Kirk Nurmi said during his closing statements that the state’s theory of premeditated murder was “nonsense,” saying that prosecutors were trying to set up a “house of cards” in portraying Arias as a cold-blooded killer who plotted the death of her ex-boyfriend.

“Was it what the state said it was yesterday, this plan [to kill]? Or was it an act of self-defense forced upon Miss Arias by the actions of Mr. Alexander? Or was it something else?” Nurmi asked the jury.

“That is ultimately your job to determine, and fear, love, sex, lies, and dirty little secrets will help you understand, I think, what happened in those three minutes,” Nurmi said.

Nurmi referenced the three minutes between the first and last photo in a series of photos taken by Arias on the day that Alexander was killed in June 2008. At the beginning, Alexander is seen alive, posing naked for Arias in the shower. By the end, he is lying on the floor in blood.

Arias is accused of murdering Alexander and could face the death penalty if the jury believes the killing was premeditated.

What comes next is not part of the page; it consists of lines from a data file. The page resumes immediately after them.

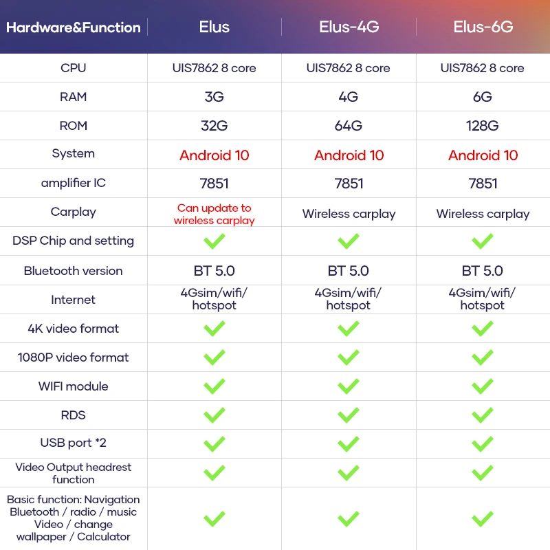 Серия ELus:ЦП: 7862 , 8 ядер,RAM 3G + ROM 32GСистема; Чистый android 10,0Встроенный в LM DSP , 32GEQ band, более эффективная Настройка звуков эквалайзера.Встроенный в форму carplay, поддержка подключения carplay через порт USB. Поддержка голосового управления siri через телефон.Поддержка 4G Lte интернет, поддержка 5G функции Wi-Fi, bluetooth до версии 5,0. Поддержка функции видеовыхода подголовника, также монитор подушки вызова.ELus-4G серии:ЦП: 7862 , 8 ядер,4G RAM + 64G ROMСистема: чистый android 10,0Встроенный DSP пресс-формы, можно установить 32 полосный настройки.Встроенный в беспроводной Carplay, поддерживает функцию carplay, с значком Z-link или T-link на пользовательском интерфейсе.Может поддерживать Голосовое управление через iphone4G LTE интернет, также встроенный WIFI модульELus-6G серии:ЦП: 7862 , 8 ядер,RAM 6G + ROM 128GСистема; Чистый android 10,0Встроенный в LM DSP , 32GEQ band, более эффективная Настройка звуков эквалайзера.Встроенный в форму carplay, поддержка подключения carplay через порт USB. Поддержка голосового управления siri через телефон.Поддержка 4G Lte интернет, поддержка 5G функции Wi-Fi, bluetooth до версии 5,0. Поддержка функции видеовыхода подголовника, также монитор подушки вызова.Формат видео: H.263,H.264,MPEG1/2,MPEG4,RMVB,AVI,WMV,3GP,MP4,MOV,MPG,DAT,VOB,MKV,FLV,TS,TP и так далее.Формат аудио: ape/flac/wma/acc/ogg/ra/wav/mp3/mp2Неразрушающая Музыка: поддержкаСпутниковый Одноместный: американский GPSBluetooth: поддержкаЗеркальная ссылка: Поддержка Andriod смартфона и iPhone,Apple CarPlay и Android Авто доступно (опционально)Установка приложения: поддержка загрузки, установки, приложения для менеджеров из APP StoreВидеорегистратор/USB ADAS DVR: высокая скорость 1080P/720P запись, управляется с помощью касания Экран блока, поддержкой ADAS системы (покидании полосы Предупреждение, warsztatowe Предупреждение, Stop & Go), В нашем наборе питания мы предлагаем USB ADAS DVR.OBD II: поддерживаетсяTPMS: поддерживает встроенные или внешние тестерыBluetooth BT Телефонная книга с контактами поиск по клавиатуре, A2DP BT МузыкаРадио: серия LX с FM,AM band. Но не RDS ,PX ,TS серии с RDS.Управление рулем: оригинальная поддержка управления рулемWallpaer/логотип: различные обои/логотипМагазин google/youtube: ПоддержкаЯзык: многоязычный, более 50 видов языка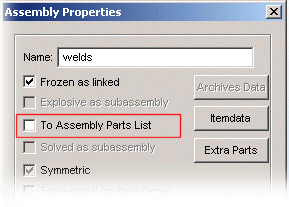- To prevent the weld subassemblies from being included in the Bills of Materials of the main assemblies, leave the To Assembly Parts List checkbox empty in the weld assembly properties.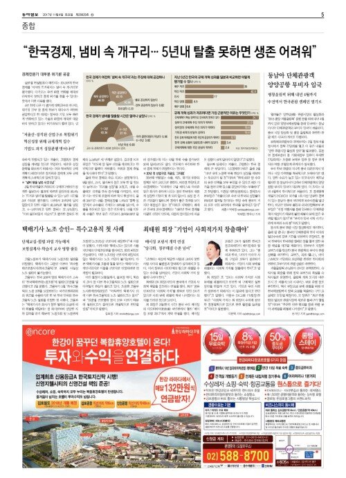 “한국경제, 냄비 속 개구리… 5년내 탈출 못하면 생존 어려워”

On Thursday, Prosecutor Juan Martinez laid out his closing argument for the jury, suggesting that Arias decided to kill Alexander because he was trying to break up with her and move on with his life.

Martinez argued that Arias tried to cover her tracks when she drove to Alexander’s home in Mesa, Ariz., and killed him and then lied about it for months to avoid being caught.

Friday, Nurmi dismissed Martinez’s claims. He admitted that Arias lied, but told jurors that the criminal charge was murder, not lying.

“One thing the state has done is pile on, to set up a house of cards to say Jodi is lying about everything, then knock it down,” he said.

“Did she lie? Of course she did, but that’s not in your verdict instructions. The crime is premeditated murder,” he said.

Nurmi focused his argument on discrediting what Martinez called her “covert mission” to kill Alexander.

The prosecution has alleged that Arias staged a break-in at her grandparents’ home to steal their gun and use it to shoot Alexander. But Nurmi asked the jury why Arias wouldn’t have simply gone into the cabinet and taken the gun without her grandparents ever realizing it.

He pointed out that Arias left an obvious paper trail on her trip to Mesa, with a car rental that required her license and credit card information, money transfers between banks, and stops to visit people along the way.

“Keep in mind the state conceded yesterday that Jodi Arias is a smart woman. Is that behavior consistent with a smart woman who is planning this covert mission to go to Mesa and kill Travis Alexander?”

Similarly, he pointed out at a half-dozen times that Arias could have killed Alexander easily when she arrived at his home, when she walked in and he was seated at the computer with his back to her, or in the shower when he posed looking away from her.

“Wouldn’t you think if somebody was on this covert mission, they’ve done all these things to prepare themselves for the moment in time when she could kill Travis Alexander, does she shoot him right then and there?” Nurmi asked. “She had the gun and she had the knife. Why wouldn’t she do that?”